More formally, a graph G is said to be perfectly orderable if there exists an ordering π of the vertices of G, such that every induced subgraph of G is optimally colored by the greedy algorithm using the subsequence of π induced by the vertices of the subgraph. An ordering π has this property exactly when there do not exist four vertices a, b, c, and d for which abcd is an induced path, a appears before b in the ordering, and c appears after d in the ordering.

==Computational complexity==
Perfectly orderable graphs are NP-complete to recognize. However, it is easy to test whether a particular ordering is a perfect ordering of a graph. Consequently, it is also NP-hard to find a perfect ordering of a graph, even if the graph is already known to be perfectly orderable.

==Related graph classes==
Every perfectly orderable graph is a perfect graph.

Chordal graphs are perfectly orderable; a perfect ordering of a chordal graph may be found by reversing a perfect elimination ordering for the graph. Thus, applying greedy coloring to a perfect ordering provides an efficient algorithm for optimally coloring chordal graphs. Comparability graphs are also perfectly orderable, with a perfect ordering being given by a topological ordering of a transitive orientation of the graph. The complement graphs of tolerance graphs are perfectly orderable.

Another class of perfectly orderable graphs is given by the graphs G such that, in every subset of five vertices from G, at least one of the five has a closed neighborhood that is a subset of (or equal to) the closed neighborhood of another of the five vertices. Equivalently, these are the graphs in which the partial order of closed neighborhoods, ordered by set inclusion, has width at most four. The 5-vertex cycle graph has a neighborhood partial order of width five, so four is the maximum width that ensures perfect orderability. As with the chordal graphs (and unlike the perfectly orderable graphs more generally) the graphs with width four are recognizable in polynomial time.

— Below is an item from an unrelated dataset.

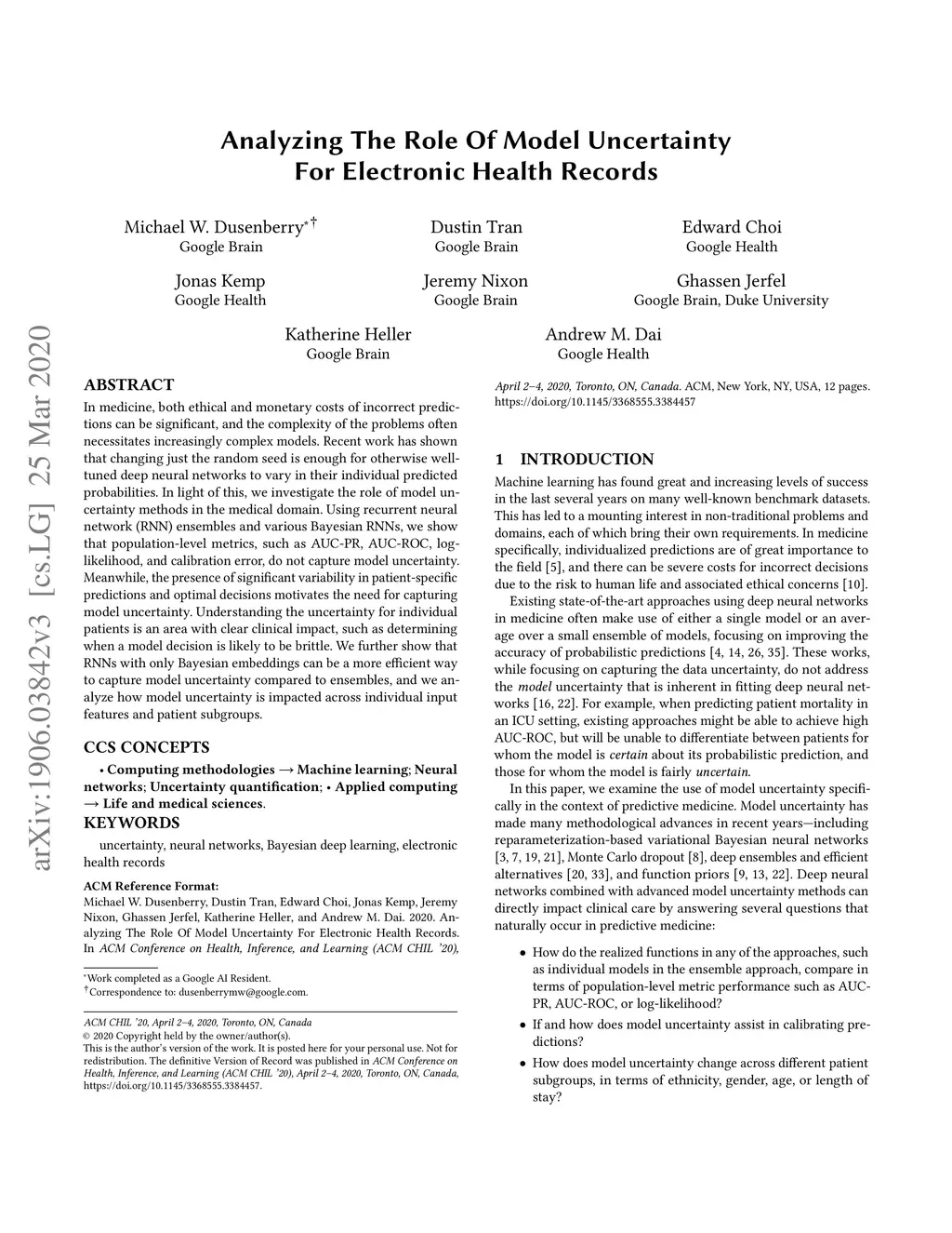 ACM Conference on Health, Inference, and Learning (CHIL), 2019
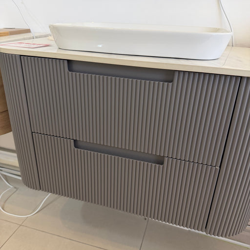 Charcoal Grey Fluted Curved Wall Hung Vanity with Stone Top and Semi-insert Basin

A concept intermediate between the perfect elimination ordering of a chordal graph and a perfect ordering is a semiperfect elimination ordering: in an elimination ordering, there is no three-vertex induced path in which the middle vertex is the first of the three to be eliminated, and in a semiperfect elimination ordering, there is no four-vertex induced path in which one of the two middle vertices is the first to be eliminated. The reverse of this ordering therefore satisfies the requirements of a perfect ordering, so graphs with semiperfect elimination orderings are perfectly orderable. In particular, the same lexicographic breadth-first search algorithm used to find perfect elimination orders of chordal graphs can be used to find semiperfect elimination orders of distance-hereditary graphs, which are therefore also perfectly orderable.

The graphs for which every vertex ordering is a perfect ordering are the cographs. Because cographs are the graphs with no four-vertex induced path, they cannot violate the path-ordering requirement on a perfect ordering.

Several additional classes of perfectly orderable graphs are known.